Would you restate word for word the lines of the listing, beginning at the first and ending with the line that holds "Prentbriefkaart in zwart-wit"?

-- EXERCISE INPUTS follows --

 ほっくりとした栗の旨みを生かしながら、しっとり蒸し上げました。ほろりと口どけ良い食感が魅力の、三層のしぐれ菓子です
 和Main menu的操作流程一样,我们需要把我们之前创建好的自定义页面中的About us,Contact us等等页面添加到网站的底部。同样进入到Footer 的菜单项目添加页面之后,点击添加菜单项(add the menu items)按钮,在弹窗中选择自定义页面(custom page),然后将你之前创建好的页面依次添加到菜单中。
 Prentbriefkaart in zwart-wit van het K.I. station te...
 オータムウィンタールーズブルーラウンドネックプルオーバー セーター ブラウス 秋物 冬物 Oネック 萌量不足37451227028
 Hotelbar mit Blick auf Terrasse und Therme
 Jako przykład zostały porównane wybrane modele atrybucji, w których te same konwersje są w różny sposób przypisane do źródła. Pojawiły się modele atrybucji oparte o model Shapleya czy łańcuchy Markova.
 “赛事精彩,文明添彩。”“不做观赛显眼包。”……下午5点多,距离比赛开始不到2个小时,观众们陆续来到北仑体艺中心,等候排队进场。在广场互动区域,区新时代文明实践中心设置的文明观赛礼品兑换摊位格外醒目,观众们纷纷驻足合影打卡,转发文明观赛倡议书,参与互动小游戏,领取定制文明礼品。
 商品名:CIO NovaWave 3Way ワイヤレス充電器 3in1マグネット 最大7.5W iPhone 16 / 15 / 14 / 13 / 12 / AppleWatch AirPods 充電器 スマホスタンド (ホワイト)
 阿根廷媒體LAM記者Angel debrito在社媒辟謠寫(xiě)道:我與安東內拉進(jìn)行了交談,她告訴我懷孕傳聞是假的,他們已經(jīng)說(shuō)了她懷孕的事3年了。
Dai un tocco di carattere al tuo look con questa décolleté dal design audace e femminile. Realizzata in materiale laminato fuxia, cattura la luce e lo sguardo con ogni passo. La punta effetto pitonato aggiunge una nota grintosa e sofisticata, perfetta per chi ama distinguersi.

-- EXERCISE INPUTS concluded --

SOLUTION TO THE PROBLEM ->
 ほっくりとした栗の旨みを生かしながら、しっとり蒸し上げました。ほろりと口どけ良い食感が魅力の、三層のしぐれ菓子です
 和Main menu的操作流程一样,我们需要把我们之前创建好的自定义页面中的About us,Contact us等等页面添加到网站的底部。同样进入到Footer 的菜单项目添加页面之后,点击添加菜单项(add the menu items)按钮,在弹窗中选择自定义页面(custom page),然后将你之前创建好的页面依次添加到菜单中。
 Prentbriefkaart in zwart-wit van het K.I. station te...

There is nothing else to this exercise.